-- Exercise objective --
Return, with both end lines included, exactly what the data below holds from the line with "2024 verano nuevo" through the line with "Основные понятия в", though not the pictures.

Extracted data entries
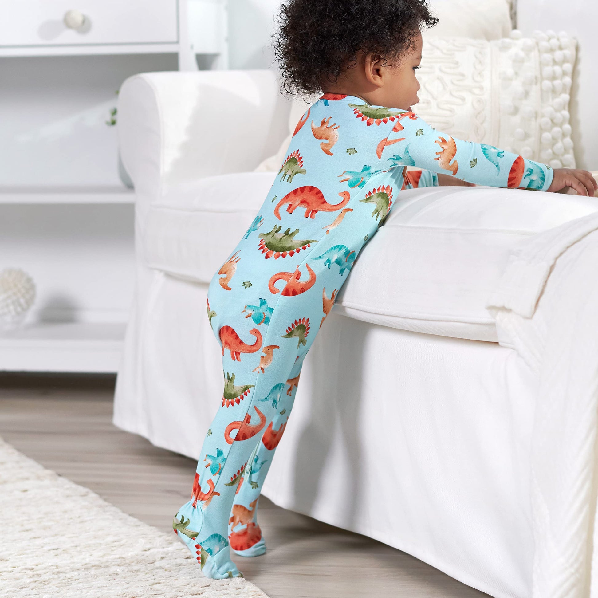 Gerber Unisex Baby Toddler Buttery Soft Snug Fit Footed Pajamas With Viscose Made From Eucalyptus, Dino, 6-9 Months
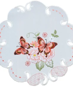 Mitteldecke Tischwäsche Schmetterlinge Blumen Zierkante Stick bunt Ø 40 cm rund
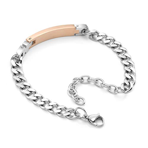 Zysta - Coppia di bracciali in acciaio Inox, unisex, con targhetta con incisioni “Her King” + “His Queen” e con zircone, regalo ideale per innamorati
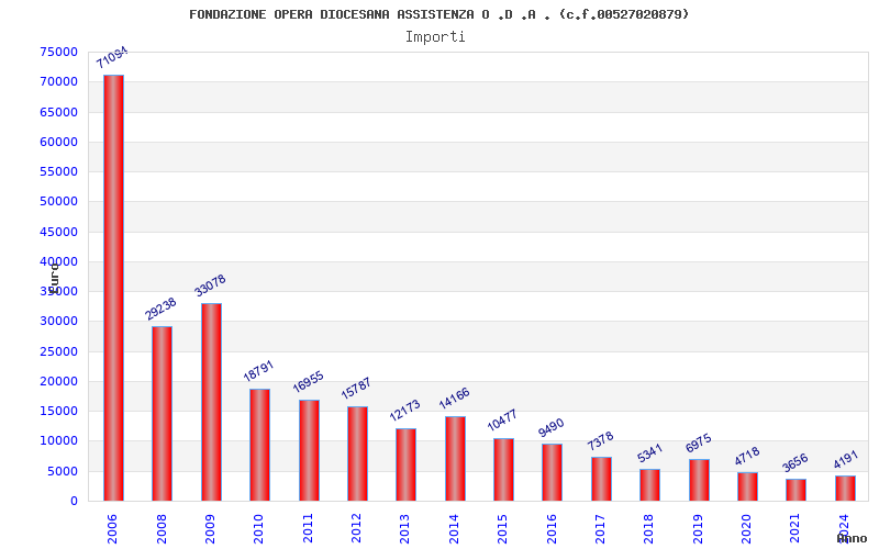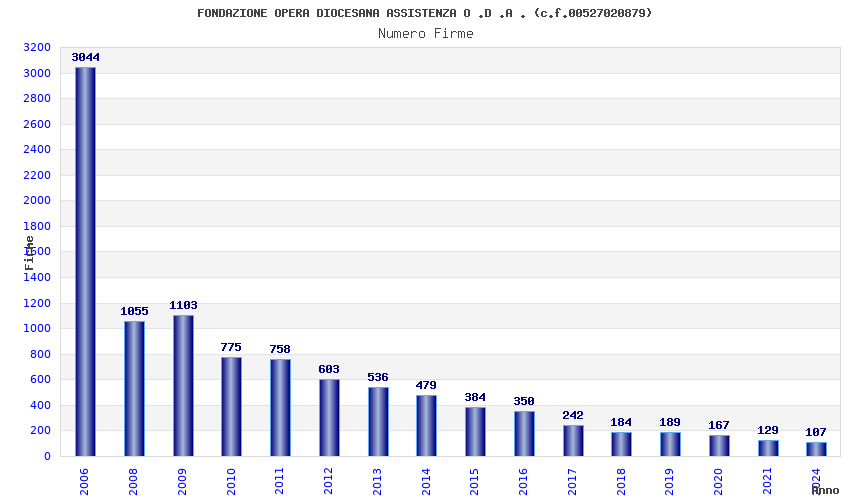 | Anno | Firme | Importi | Media | Naz. | Reg. | Prov. | Comu. |
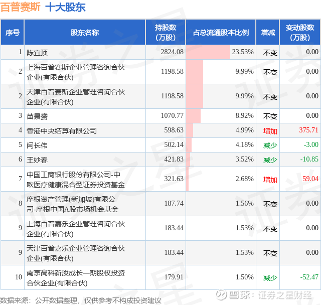 根据百普赛斯2025年中报公布的十大股东详情如下:
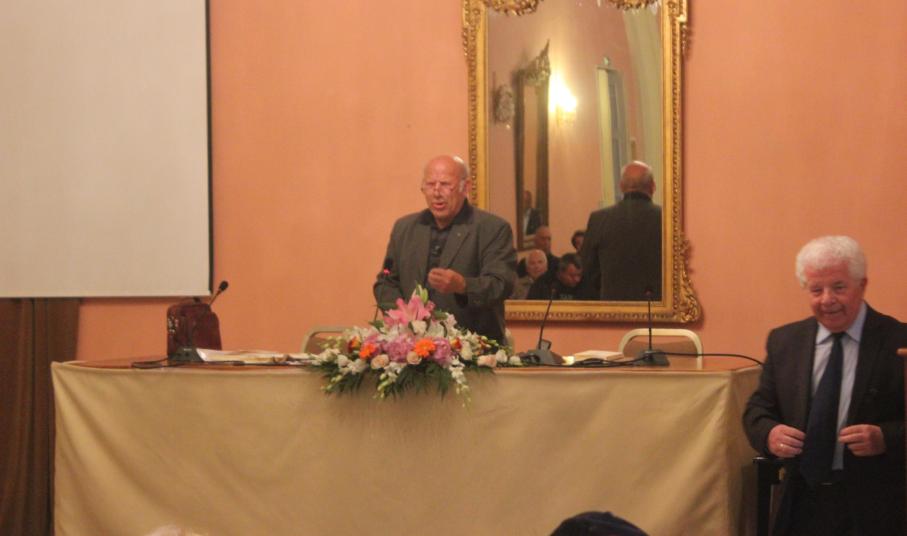 Στον σύντομο χαιρετισμό του, ο πρόεδρος του Συνδέσμου Ιωσήφ Σαλάχας αναφέρθηκε στο πολυσχιδή κοινωνική, θρησκευτική και πολιτιστική δράση του π. Μιχαήλ, στη σφαιρική επιστημονική κατάρτισή του, στη ρητορική ικανότητά του αλλά και στη δεξιοτεχνία του στην εναλλακτική πλοκή του λόγου.
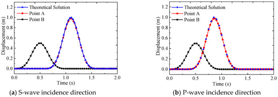 The calculated and theoretical values for points A and B are given in Figure 2. The numerical and theoretical solutions were compared for each condition, and the results showed that they were very consistent. The time history and amplitude of the S and P waves in the numerical verification were pretty accurate, which showed the validity of the wave input method used in this study.
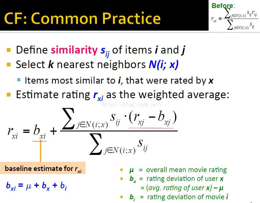 Note: 其实这里就是将减去的用户均值μ+bx替换成了更好的baseline bxi。
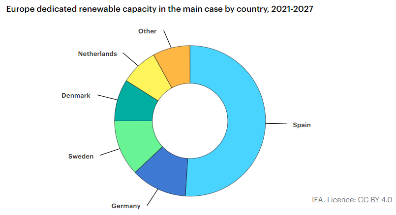 Meanwhile, Europe is expected to deploy 7 GW of dedicated renewable capacity for hydrogen production during 2022-2027, encouraged by decarbonisation goals and, more recently, the need to strengthen energy security by displacing Russian gas. Spain is in the lead, accounting for half of Europe’s growth, followed by Germany, Sweden, Denmark and the Netherlands. The main drivers are ambitious electrolyser goals, supported by financial incentives. While the European Union is considering setting an electrolyser target of 44 GW by 2030, REPowerEU modelling scenarios suggest that 65‑80 GW would be required to decrease Russian gas imports.
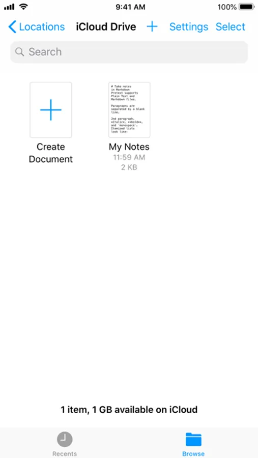 Pretext is designed to work seamlessly with iCloud Drive and other file providers. This means you can open files directly from your Files app, and any changes are saved right back, available to use on other devices and in other applications. No clunky import and export steps just to make an edit – instead, you keep full control of your files.
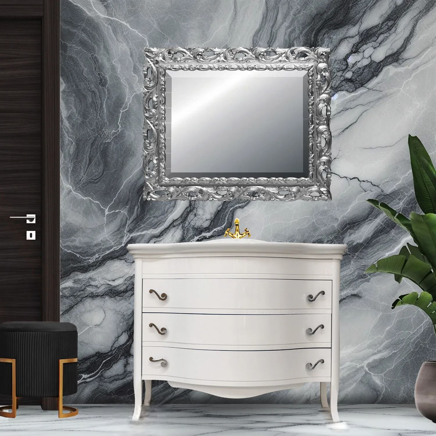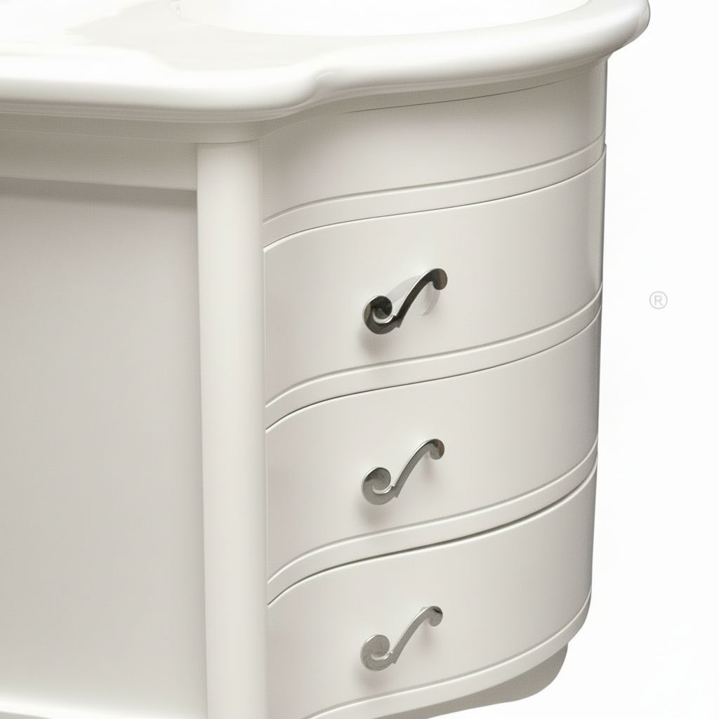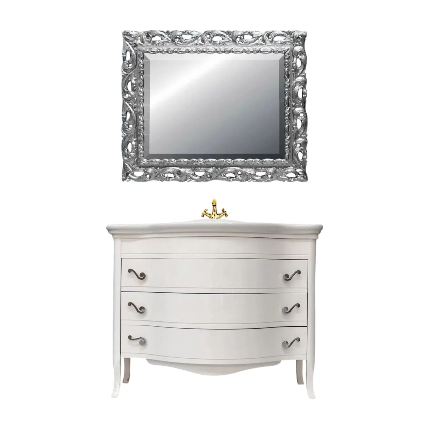 Mobile bagno in stile shabby chic, costruito interamente in legno massello. Finitura laccato bianco opaco, realizzato completamente a mano in Italia. Dotato di 3 cassetti per riporre asciugamani, pettini e prodotti per la cura del corpo. Il spazioso lavabo è in ceramica porcellanata resistente ad prodotti chimici e corrosivi. Con la base è compresa una specchiera in stile barocco. La vernice del mobile è idrorepellente.
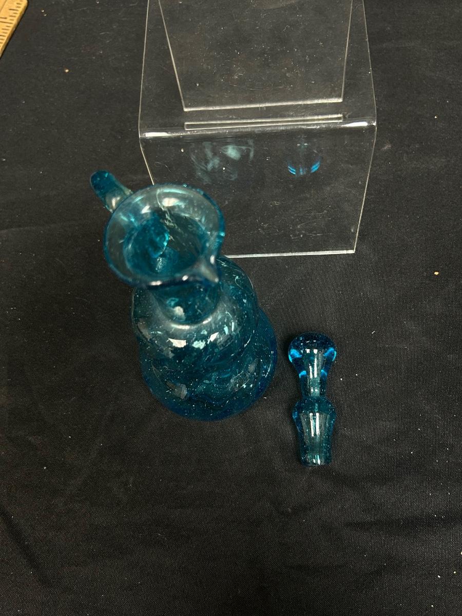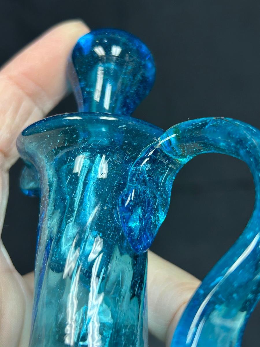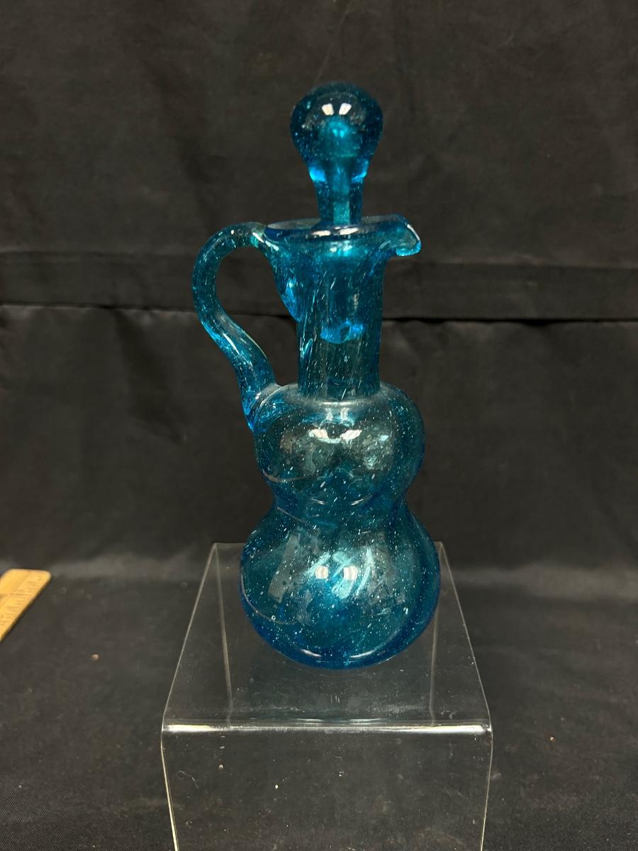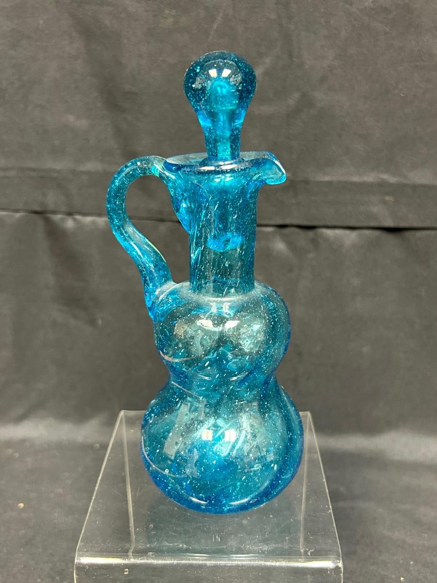 Turquoise Blue Bubble Glass Small Decanter Oil Vinegar Cruet Bottle. In good condition. Great color displays nice. About 7" size. Where the handle meets bottle at the top it looks like it has been repaired, but only at the top.
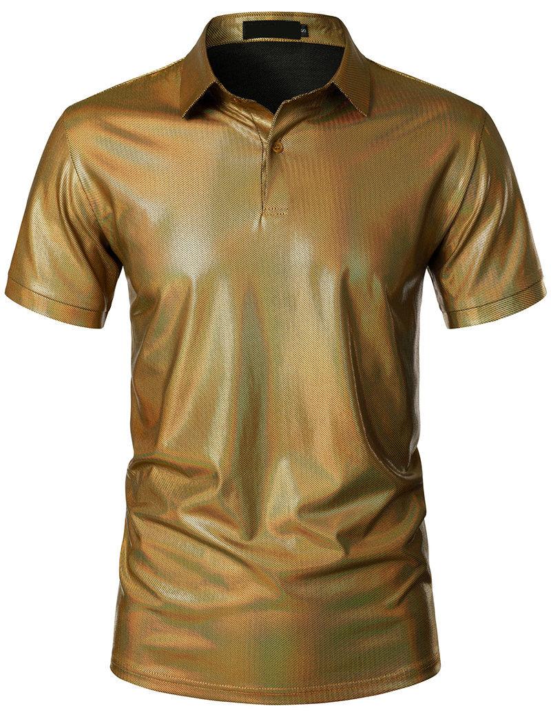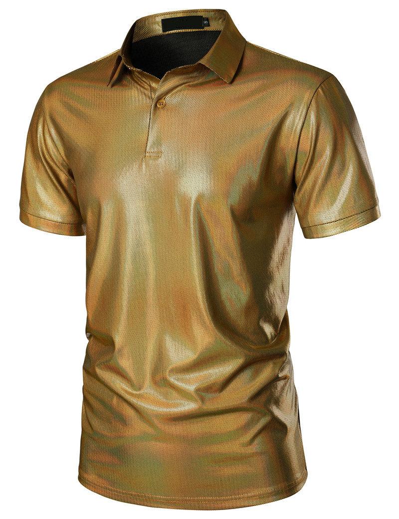 2024 verano nuevo Europeo y Americano Amazon transfronterizo ropa belleza dorada estampada solapa manga corta camiseta POLO
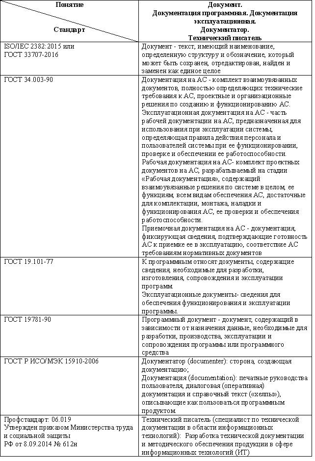 Основные понятия в этой области, используемые при разработке документации:
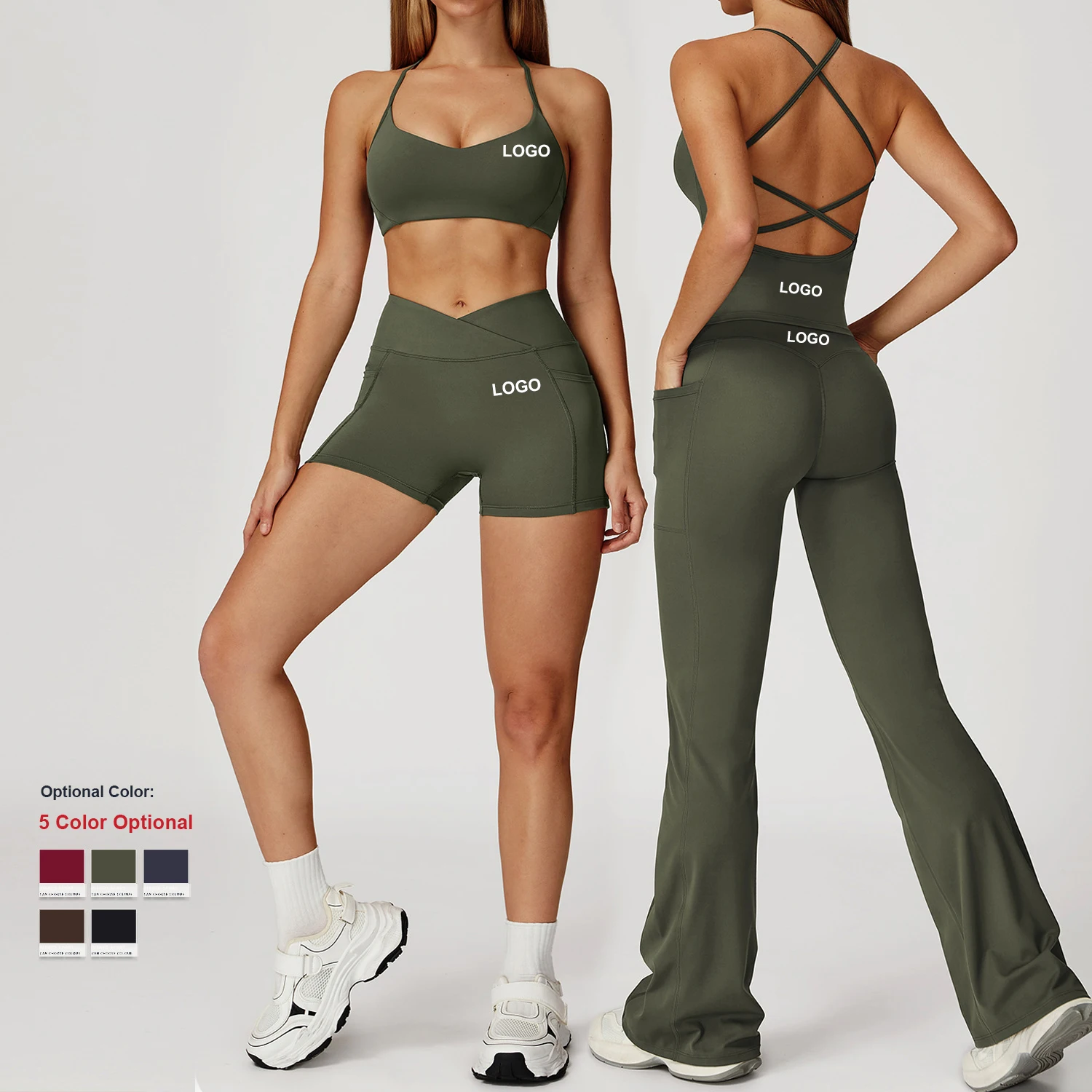 YISHENHON Recyclable Fabric Quick Dry Yoga V Waist Gym Leggings Running Workout Wide Leg Pants Flare Woman Sport Pants
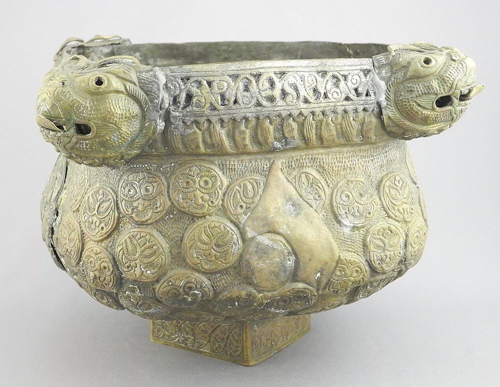 Tibetan Brass Kapala Bowl, 6 3/4 x 8 x 8".
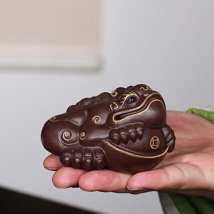 この置物は、風水においても重要な役割を果たします。蛙の足元にコインをくわえたデザインは、金運を呼び寄せると信じられ、生活空間に置くことで、ポジティブなエネルギーを集め、運気を向上させる助けとなるかもしれません。紫砂で作られたこの蛙は、自然の温かみと落ち着いた色合いが特徴で、インテリアとしても洗練された美しさを放ちます。
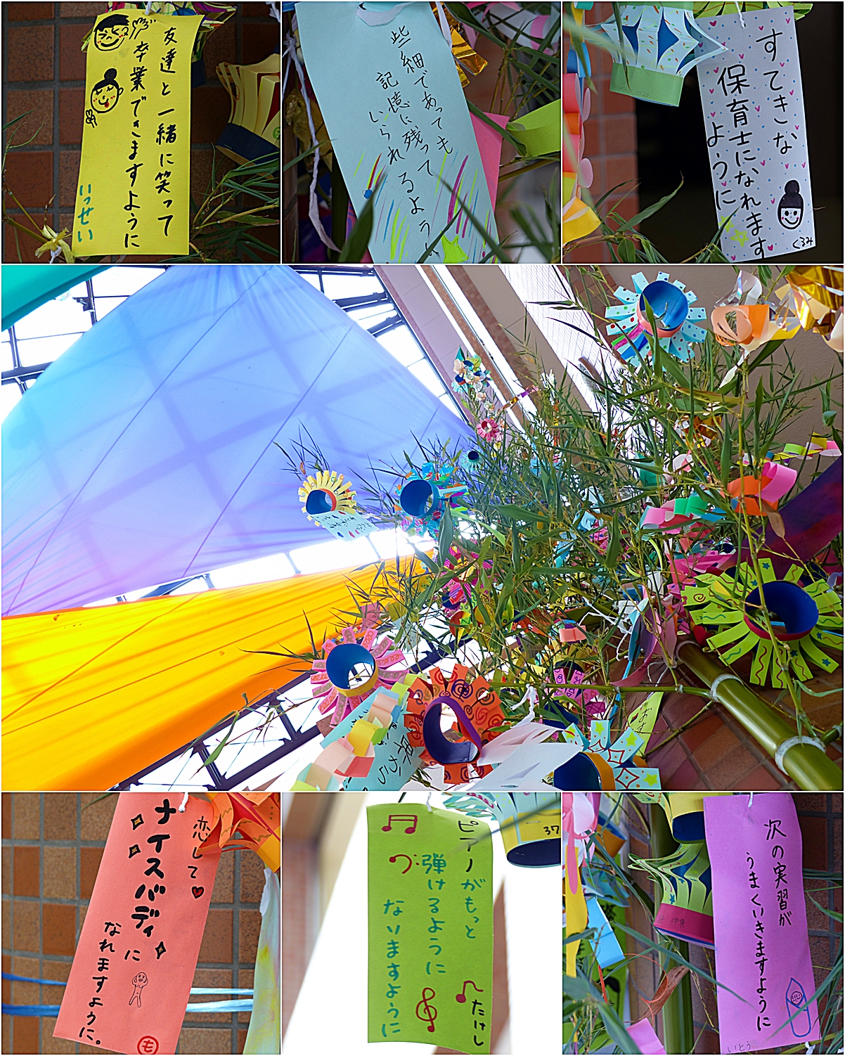 幼児教育科の学生たちが作った七夕かざりでロビーが華やかになりました♪

-- Reply --
 2024 verano nuevo Europeo y Americano Amazon transfronterizo ropa belleza dorada estampada solapa manga corta camiseta POLO
 Основные понятия в этой области, используемые при разработке документации:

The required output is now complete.